Despite long-tailed promises of an immaculate aide-mémoire, the reality turns out to be spotty at best. Physical media, as predicted by Luddites and curmudgeons (ahem), turns out to be the better, possibly the best, way to preserve history. (To wit: While we can still read a complaint letter carved on a clay tablet by a disgruntled buyer 1,750 years before the birth of Christ, all traces of my first novel are confined to the inside of my own skull.) Thus the importance of ephemera of the sort being purveyed at the DeLand Paper, Postcard and Photo Fair:
With more than a million pieces of vintage paper on hand — postcards and photos, newspapers, comics, letters, ledgers, recipes, cards — history is pinned to a tangible reality that can’t be destroyed by a mere keystroke or a failure to vigilantly and continually update technology. (Paper and ink’s operating system hasn’t changed to the point of nonfunction even over millennia, unlike, say, a 2004 IBM ThinkPad.)

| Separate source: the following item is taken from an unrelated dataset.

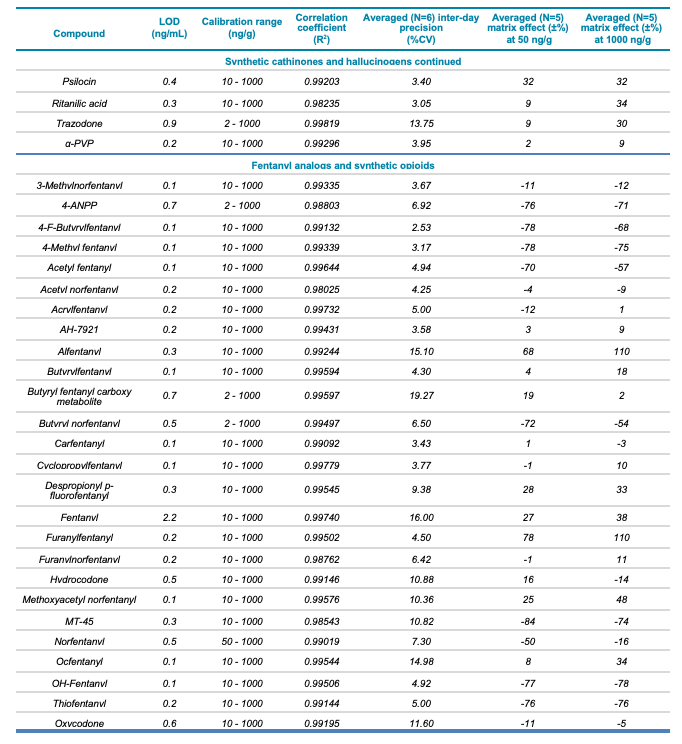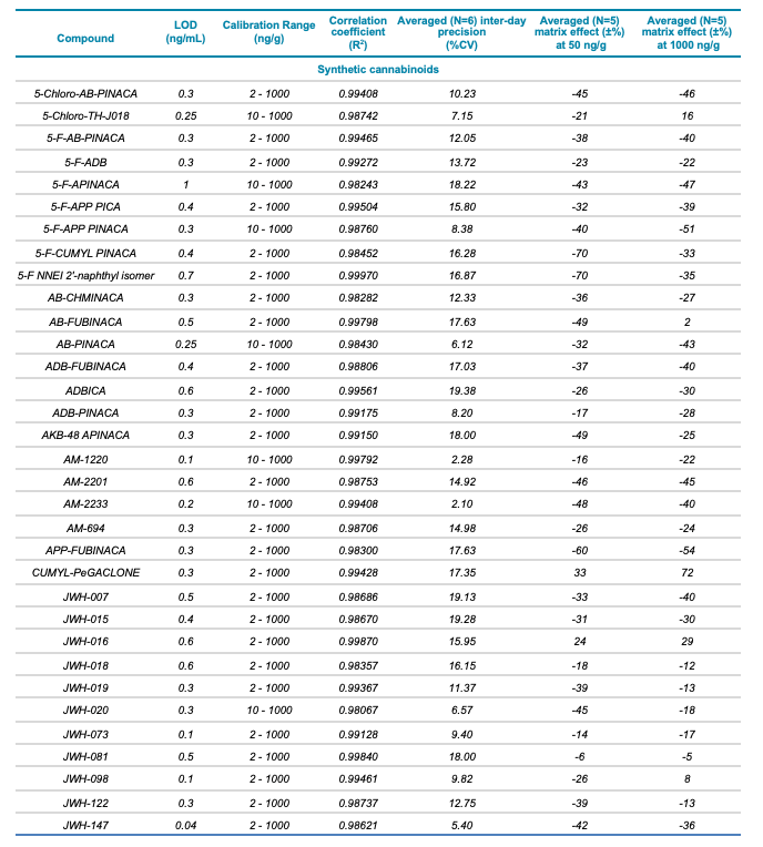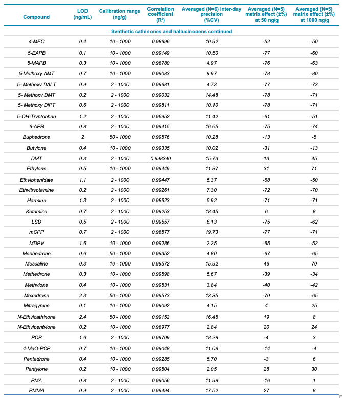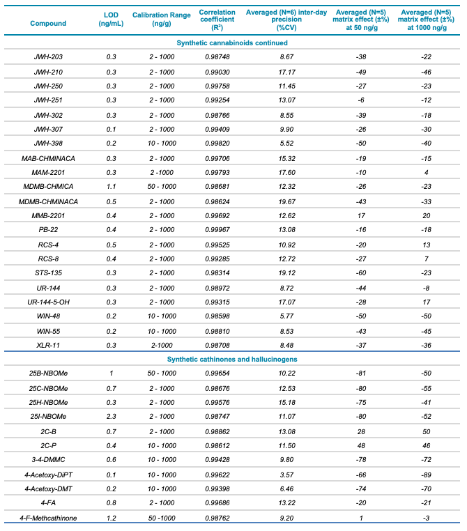 Meconium is a complex biological matrix due to its heterogegenous composition, which often causes ion suppression or detection interference of target analytes when using LC-MS. The efficiency of the sample preparation procedure to selectively remove the matrix interferences was determined by calculating the matrix effect (ME). ME is defined as the ion suppression/enhancement ratio and is expressed as ±%. The average ME (±%, n=3) was calculated by expressing the ratio of the average peak area of each analyte in neat solvent vs. post-extraction spiked matrix as a percentage, at low (50 ng/g) and high (1000 ng/g) concentration levels. The ME ranged from -70 to 72% for synthetic cannabinoids, -89 to 71% for synthetic cathinones and hallucinogens and -88 to 110% for fentanyl-analogous and synthetic opioids. The ME values at low and high concentrations are summarized in Table 1.

While the annual fair is rich in primary historical sources, it serves scrapbookers, collage artists and decorators just as happily as archivists. Please leave matchbooks and Big Gulps outside the exhibit hall doors.
10 a.m.-5 p.m. Saturday, Jan. 4; 10 a.m.-4 p.m. Sunday, Jan. 5; Talton Exhibit Hall, Volusia County Fairgrounds, 3150 E. New York Ave., DeLand, $5.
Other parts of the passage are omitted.